[The task]: Print the first line of the records below and every line after it, up to and including the line with "이어 2025년 울산". Print nothing else.
*** Opening Records ***
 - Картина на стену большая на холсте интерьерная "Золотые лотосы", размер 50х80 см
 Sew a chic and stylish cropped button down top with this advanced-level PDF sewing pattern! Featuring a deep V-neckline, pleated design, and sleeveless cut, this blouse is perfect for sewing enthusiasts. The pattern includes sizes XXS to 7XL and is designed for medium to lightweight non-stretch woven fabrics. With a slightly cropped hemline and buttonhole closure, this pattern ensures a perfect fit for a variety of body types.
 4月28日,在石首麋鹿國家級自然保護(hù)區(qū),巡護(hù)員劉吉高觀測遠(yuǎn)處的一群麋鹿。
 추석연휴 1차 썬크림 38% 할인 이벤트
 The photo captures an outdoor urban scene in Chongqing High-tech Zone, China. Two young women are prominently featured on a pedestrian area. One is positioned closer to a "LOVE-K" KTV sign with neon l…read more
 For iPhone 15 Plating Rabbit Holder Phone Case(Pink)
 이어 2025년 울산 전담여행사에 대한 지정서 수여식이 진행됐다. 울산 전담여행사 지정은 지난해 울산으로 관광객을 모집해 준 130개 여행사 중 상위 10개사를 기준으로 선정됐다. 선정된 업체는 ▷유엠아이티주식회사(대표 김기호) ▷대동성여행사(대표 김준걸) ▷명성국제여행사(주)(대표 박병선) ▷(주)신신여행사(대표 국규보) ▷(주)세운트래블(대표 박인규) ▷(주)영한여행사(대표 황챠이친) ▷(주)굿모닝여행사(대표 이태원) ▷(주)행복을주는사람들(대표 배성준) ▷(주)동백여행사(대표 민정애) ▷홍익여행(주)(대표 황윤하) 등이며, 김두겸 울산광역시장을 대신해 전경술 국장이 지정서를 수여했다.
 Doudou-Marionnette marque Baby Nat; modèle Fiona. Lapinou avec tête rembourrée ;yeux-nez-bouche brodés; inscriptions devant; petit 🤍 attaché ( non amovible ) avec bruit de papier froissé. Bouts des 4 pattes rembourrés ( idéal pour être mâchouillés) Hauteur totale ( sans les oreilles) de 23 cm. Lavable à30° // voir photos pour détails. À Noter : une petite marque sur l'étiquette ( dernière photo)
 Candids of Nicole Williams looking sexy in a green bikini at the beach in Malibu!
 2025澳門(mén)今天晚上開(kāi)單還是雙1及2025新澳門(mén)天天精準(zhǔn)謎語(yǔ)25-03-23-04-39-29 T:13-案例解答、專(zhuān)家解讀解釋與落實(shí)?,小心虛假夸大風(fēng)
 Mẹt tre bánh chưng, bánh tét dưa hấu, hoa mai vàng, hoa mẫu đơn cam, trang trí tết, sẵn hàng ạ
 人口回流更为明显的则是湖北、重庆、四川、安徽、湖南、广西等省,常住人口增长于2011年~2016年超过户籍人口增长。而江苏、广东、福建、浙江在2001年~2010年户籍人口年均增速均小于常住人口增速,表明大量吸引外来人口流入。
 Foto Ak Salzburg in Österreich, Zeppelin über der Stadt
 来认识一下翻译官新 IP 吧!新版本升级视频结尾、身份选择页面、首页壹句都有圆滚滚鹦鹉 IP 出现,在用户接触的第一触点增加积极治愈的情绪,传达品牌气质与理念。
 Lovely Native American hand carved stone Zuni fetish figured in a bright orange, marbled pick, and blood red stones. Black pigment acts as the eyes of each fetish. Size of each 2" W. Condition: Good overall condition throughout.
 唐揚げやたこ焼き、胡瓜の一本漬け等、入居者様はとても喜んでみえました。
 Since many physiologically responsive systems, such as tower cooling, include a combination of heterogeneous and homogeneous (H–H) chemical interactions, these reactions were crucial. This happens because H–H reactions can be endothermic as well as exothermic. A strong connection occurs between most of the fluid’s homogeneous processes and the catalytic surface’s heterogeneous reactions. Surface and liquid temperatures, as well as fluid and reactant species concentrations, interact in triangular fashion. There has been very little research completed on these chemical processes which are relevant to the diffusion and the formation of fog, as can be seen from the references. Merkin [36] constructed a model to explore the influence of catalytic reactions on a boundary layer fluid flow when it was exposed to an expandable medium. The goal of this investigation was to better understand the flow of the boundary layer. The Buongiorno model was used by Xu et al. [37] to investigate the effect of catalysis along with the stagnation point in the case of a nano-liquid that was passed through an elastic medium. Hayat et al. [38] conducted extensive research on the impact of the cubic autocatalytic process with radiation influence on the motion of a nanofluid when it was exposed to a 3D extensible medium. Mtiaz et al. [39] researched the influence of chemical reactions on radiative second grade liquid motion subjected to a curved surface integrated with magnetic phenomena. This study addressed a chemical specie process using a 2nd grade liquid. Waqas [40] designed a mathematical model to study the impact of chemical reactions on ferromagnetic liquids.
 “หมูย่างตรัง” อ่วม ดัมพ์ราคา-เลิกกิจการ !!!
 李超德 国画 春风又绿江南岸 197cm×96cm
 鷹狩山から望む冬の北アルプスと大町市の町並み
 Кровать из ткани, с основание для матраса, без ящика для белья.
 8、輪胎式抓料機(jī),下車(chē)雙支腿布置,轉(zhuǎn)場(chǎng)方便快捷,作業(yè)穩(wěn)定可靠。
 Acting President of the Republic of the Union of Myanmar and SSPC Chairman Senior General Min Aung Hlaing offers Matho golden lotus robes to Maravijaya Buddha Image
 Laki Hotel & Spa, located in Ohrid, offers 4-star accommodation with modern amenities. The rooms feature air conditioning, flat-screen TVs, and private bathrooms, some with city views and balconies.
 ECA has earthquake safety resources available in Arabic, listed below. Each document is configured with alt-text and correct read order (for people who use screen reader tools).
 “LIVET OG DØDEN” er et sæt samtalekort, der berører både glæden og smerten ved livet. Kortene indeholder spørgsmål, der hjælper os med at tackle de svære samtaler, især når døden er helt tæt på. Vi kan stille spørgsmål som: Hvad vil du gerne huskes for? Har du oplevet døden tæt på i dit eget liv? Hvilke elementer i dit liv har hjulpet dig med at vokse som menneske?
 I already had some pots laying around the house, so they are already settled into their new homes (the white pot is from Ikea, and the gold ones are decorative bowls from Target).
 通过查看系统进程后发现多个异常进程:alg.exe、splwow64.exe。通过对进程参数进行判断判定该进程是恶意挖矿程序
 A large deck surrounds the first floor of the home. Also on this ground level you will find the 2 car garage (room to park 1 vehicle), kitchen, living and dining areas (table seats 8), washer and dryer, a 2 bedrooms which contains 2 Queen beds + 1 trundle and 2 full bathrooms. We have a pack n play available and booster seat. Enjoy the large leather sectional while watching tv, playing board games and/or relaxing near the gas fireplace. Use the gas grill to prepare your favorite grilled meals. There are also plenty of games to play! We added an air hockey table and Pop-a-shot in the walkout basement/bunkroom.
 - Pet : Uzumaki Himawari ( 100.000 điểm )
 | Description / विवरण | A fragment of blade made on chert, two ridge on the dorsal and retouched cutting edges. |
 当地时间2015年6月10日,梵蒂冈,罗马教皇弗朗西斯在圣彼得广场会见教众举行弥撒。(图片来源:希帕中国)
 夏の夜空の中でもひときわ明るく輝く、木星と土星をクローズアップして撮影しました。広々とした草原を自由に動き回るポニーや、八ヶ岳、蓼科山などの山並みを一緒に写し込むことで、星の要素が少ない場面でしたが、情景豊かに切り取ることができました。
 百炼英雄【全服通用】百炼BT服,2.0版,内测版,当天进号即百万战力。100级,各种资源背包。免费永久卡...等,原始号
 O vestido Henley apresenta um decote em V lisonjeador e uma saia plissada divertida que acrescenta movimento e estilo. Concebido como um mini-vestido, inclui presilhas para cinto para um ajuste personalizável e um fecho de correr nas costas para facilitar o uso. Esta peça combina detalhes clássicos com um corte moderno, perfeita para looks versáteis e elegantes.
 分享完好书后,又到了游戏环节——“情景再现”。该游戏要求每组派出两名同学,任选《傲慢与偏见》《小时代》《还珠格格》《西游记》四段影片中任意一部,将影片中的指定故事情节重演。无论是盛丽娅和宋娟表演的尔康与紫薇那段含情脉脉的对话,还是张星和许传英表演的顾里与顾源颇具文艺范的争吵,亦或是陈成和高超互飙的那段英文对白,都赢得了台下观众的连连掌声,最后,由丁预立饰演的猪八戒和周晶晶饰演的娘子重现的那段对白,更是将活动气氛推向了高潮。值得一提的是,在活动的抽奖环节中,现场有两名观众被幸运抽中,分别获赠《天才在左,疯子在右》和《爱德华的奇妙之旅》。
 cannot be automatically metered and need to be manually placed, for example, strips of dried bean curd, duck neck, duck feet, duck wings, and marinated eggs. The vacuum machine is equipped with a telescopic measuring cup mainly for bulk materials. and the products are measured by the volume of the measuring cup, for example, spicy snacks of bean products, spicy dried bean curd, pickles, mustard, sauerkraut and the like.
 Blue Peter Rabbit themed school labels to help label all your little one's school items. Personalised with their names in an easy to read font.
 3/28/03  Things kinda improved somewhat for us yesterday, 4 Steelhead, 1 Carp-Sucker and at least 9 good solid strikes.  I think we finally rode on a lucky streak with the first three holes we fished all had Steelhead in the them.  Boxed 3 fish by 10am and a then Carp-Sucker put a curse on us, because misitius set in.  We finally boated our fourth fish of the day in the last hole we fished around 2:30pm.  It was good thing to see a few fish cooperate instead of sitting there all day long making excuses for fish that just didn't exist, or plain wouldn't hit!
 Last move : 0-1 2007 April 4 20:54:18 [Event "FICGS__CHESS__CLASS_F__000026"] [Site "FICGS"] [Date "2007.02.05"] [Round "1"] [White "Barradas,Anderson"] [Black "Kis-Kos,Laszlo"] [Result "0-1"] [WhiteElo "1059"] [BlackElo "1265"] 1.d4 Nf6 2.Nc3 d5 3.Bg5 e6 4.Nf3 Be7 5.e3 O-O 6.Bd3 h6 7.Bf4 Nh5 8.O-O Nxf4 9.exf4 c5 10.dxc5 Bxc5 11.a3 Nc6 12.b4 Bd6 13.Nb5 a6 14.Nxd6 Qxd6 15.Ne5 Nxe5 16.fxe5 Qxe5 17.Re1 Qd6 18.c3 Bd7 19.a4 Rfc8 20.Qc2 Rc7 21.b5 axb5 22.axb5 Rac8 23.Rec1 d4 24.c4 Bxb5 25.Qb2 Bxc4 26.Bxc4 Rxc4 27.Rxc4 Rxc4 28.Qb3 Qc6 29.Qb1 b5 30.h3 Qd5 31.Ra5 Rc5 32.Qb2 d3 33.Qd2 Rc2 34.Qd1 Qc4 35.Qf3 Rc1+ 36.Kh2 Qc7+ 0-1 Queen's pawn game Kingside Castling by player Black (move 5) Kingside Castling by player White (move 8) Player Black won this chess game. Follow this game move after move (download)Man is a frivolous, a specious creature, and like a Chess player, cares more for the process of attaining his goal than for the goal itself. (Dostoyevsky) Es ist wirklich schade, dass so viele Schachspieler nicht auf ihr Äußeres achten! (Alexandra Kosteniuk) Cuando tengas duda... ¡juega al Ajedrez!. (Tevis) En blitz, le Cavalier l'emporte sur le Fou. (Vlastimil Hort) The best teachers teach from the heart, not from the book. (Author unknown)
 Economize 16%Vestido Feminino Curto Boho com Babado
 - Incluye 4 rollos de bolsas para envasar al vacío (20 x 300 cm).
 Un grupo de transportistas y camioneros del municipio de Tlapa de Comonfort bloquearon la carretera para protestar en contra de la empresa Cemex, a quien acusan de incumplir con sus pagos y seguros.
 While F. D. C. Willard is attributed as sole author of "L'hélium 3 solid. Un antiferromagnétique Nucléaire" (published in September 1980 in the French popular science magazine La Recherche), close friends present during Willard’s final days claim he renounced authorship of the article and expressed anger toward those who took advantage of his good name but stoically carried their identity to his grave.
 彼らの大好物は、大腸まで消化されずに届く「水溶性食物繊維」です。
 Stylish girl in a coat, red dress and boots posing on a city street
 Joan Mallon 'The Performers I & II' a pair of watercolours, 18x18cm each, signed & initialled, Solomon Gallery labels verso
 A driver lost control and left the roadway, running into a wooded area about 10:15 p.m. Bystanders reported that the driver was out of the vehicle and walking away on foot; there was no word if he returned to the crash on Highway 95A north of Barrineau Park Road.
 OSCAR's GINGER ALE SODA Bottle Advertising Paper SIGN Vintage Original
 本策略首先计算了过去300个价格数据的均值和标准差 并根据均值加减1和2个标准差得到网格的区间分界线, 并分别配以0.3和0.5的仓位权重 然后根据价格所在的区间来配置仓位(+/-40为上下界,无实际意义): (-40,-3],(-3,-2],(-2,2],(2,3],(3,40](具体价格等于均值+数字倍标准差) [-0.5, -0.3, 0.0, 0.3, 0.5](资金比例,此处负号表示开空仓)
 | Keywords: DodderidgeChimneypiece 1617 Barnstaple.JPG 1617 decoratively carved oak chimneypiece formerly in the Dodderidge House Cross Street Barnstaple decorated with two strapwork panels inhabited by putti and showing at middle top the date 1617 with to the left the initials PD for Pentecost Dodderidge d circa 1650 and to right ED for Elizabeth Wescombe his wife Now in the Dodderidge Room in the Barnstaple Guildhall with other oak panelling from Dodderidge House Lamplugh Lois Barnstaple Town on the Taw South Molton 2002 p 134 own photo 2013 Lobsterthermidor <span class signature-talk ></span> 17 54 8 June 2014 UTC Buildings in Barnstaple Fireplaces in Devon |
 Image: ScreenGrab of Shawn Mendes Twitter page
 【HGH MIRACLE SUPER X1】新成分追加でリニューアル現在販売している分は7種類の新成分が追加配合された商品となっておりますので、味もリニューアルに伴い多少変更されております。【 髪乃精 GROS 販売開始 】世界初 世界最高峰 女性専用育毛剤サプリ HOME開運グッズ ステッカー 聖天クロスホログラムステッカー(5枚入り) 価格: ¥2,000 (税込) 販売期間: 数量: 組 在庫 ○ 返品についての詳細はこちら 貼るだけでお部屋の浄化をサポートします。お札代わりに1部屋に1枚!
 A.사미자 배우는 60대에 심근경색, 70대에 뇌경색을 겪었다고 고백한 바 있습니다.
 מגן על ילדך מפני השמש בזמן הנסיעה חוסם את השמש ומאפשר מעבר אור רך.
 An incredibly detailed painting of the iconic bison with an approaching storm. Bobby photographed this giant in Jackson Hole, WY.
*** Closing Records ***
[Answer to this exercise]:
 - Картина на стену большая на холсте интерьерная "Золотые лотосы", размер 50х80 см
 Sew a chic and stylish cropped button down top with this advanced-level PDF sewing pattern! Featuring a deep V-neckline, pleated design, and sleeveless cut, this blouse is perfect for sewing enthusiasts. The pattern includes sizes XXS to 7XL and is designed for medium to lightweight non-stretch woven fabrics. With a slightly cropped hemline and buttonhole closure, this pattern ensures a perfect fit for a variety of body types.
 4月28日,在石首麋鹿國家級自然保護(hù)區(qū),巡護(hù)員劉吉高觀測遠(yuǎn)處的一群麋鹿。
 추석연휴 1차 썬크림 38% 할인 이벤트
 The photo captures an outdoor urban scene in Chongqing High-tech Zone, China. Two young women are prominently featured on a pedestrian area. One is positioned closer to a "LOVE-K" KTV sign with neon l…read more
 For iPhone 15 Plating Rabbit Holder Phone Case(Pink)
 이어 2025년 울산 전담여행사에 대한 지정서 수여식이 진행됐다. 울산 전담여행사 지정은 지난해 울산으로 관광객을 모집해 준 130개 여행사 중 상위 10개사를 기준으로 선정됐다. 선정된 업체는 ▷유엠아이티주식회사(대표 김기호) ▷대동성여행사(대표 김준걸) ▷명성국제여행사(주)(대표 박병선) ▷(주)신신여행사(대표 국규보) ▷(주)세운트래블(대표 박인규) ▷(주)영한여행사(대표 황챠이친) ▷(주)굿모닝여행사(대표 이태원) ▷(주)행복을주는사람들(대표 배성준) ▷(주)동백여행사(대표 민정애) ▷홍익여행(주)(대표 황윤하) 등이며, 김두겸 울산광역시장을 대신해 전경술 국장이 지정서를 수여했다.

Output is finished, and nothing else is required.